= Leonard Sharp (doctor) =

Medical missionary in East Africa

Leonard E. S. Sharp was an English doctor and surgeon who served as a medical missionary in East Africa from 1914 to 1955. He worked in various regions across Uganda and modern-day Rwanda alongside his longtime professional partner and friend Algernon Stanley Smith. Together, the pair founded the Rwandan Mission and Sharp went on to establish a leper colony on Lake Bunyonyi. He received awards from the british queen Elizabeth II and the Royal African Society for his work.

== Early life ==
Sharp was born in Wimbledon, England in 1889. He received his education at Harrow College of Higher Education and Trinity College, Cambridge, earning a Bachelor of Arts, Bachelor of Medicine, and Bachelor of Surgery. He met Algernon Stanley Smith at school, who would become his lifelong partner in his missionary service. Smith would also go on to marry Sharp's sister, Lillian Zoe Sharp (1891-1980). In 1920, Sharp married his wife Esther McDonald and shortly after the pair, alongside Algernon and his wife, ventured to Uganda as missionaries.

== Mission ==
During World War I, Sharp served as an officer in the African Medical Corps at Mengo Hospital, Uganda which was operating as a war hospital at the time. There he worked under Sir Albert Cook for a year before returning to England.

After his return, he and Stanley Smith made an expedition back to Mengo Hospital in 1916 to scout the area for a new mission, this time serving under the Church Missionary Society. The purpose of this trip was to scout the neighboring area for the prospect of a Rwandan Mission. The local Rwandan government also submitted a request to the Church Missionary Society for aid in 1917, leading Sharp and Smith to submit an official request to the CMS to start a new mission in the Rwandan side of the Uganda-Rwanda border. The Church Missionary Society declined due to a lack of funds. Sharp and Smith then returned to England in 1919 to conduct an independent fundraising effort.

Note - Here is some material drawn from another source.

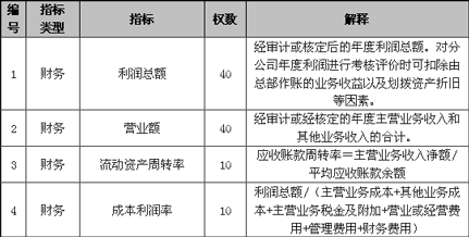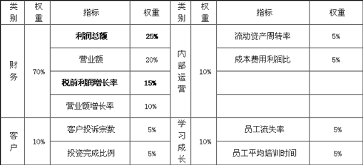 例一,对于小规模低收益型分子公司,根据集团对其现阶段的战略定位,可以使用利润导向为主的经营业绩考核,可以考虑采用以下考核指标和权重:

One they had successfully raised enough money for four years of work and a hospital, the Church Missionary society accepted their offer for new missions in East Africa. They ventured back to Mengo, Uganda with their wives in late 1920, arriving to January 3, 1921. They decided to begin their work in Uganda and in 1921, they founded and opened the first hospital, the Kabale Hospital, and a school at Kabale.

=== Rwandan Mission ===
In 1925, Sharp successfully negotiated with the Belgian government in order to open the first hospital in Rwanda. He then founded the Rwandan Mission, now known as the Mid-Africa Ministry, along with Algernon Stanley-Smith. The mission was in Gahini, close to Kabale on the Ugandan border. In the following years, he would frequently travel between Kabale and the Rwandan Mission.

In 1926, the Rwandan Council was formed under the CMS to oversee the development of the mission. Sharp served as the First Secretary of the mission from 1932 to 1935.

Sharp did not share the views of Dr Joe Church. In 1946 his wife, Esther Sharp, wrote, "Joe [Church] made it so clear Len [Sharp] is not wanted for the Church work and has so arranged and wrangled things that it will be very difficult for Len to run it now."

=== Sharp's Island ===
Sharp started a leper colony on Bwana Island on Lake Bunyonyi as a branch of the Kabale hospital in 1930, colloquially known as “Sharp’s Island”. During his time at Kabale, Sharp had developed a special interest for leprosy patients. Beginning in 1928, he would frequently go on safaris to find more patients and bring them to the hospital. After gaining permission from the Ugandan government, he decided to create a leper colony on Lake Bunyonyi to treat patients and prevent the further spread of the disease. The island was funded with grants from the Uganda Protectorate and local native administrative funds.

The island began with the 25 patients that had been staying at Kabale Hospital and over the next 18 years, the island would see over two thousand new patients. The colony consisted of a hospital in the center, a ward for infectious patients on the west side, and a school and quarters for non-infectious patients on the east side.

Sharp provided his skills as a doctor and surgeon on the island as well as aiding with the manual construction and expansion of the community. He introduced technologies construction methods such as motorboats, windmills for pumping water, and water wheels for electricity.

== Late life and death ==
Sharp retired from his service in East Africa in 1955. He continued to live on Bwana Island until 1961 when he and his wife moved to Mombasa. One year after their arrival, his wife died. Sharp died on March 2, 1976, at age 85 in Mombasa.

== Legacy ==
The Rwandan Mission, now called the Mid-Africa Ministry, continued its work and sent missionaries across East Africa.

During his service, Sharp wrote “Island of miracles : the story of the Lake Bunyoni leprosy settlement, Uganda” along with Janet Metcalf. He also wrote a small book titled “Great Truths from God’s Word”.

Upon retiring, in 1965, Sharp received a Royal African Society Medal for dedicated service to Africa.
He was awarded an MBE award from Queen Elizabeth II as well.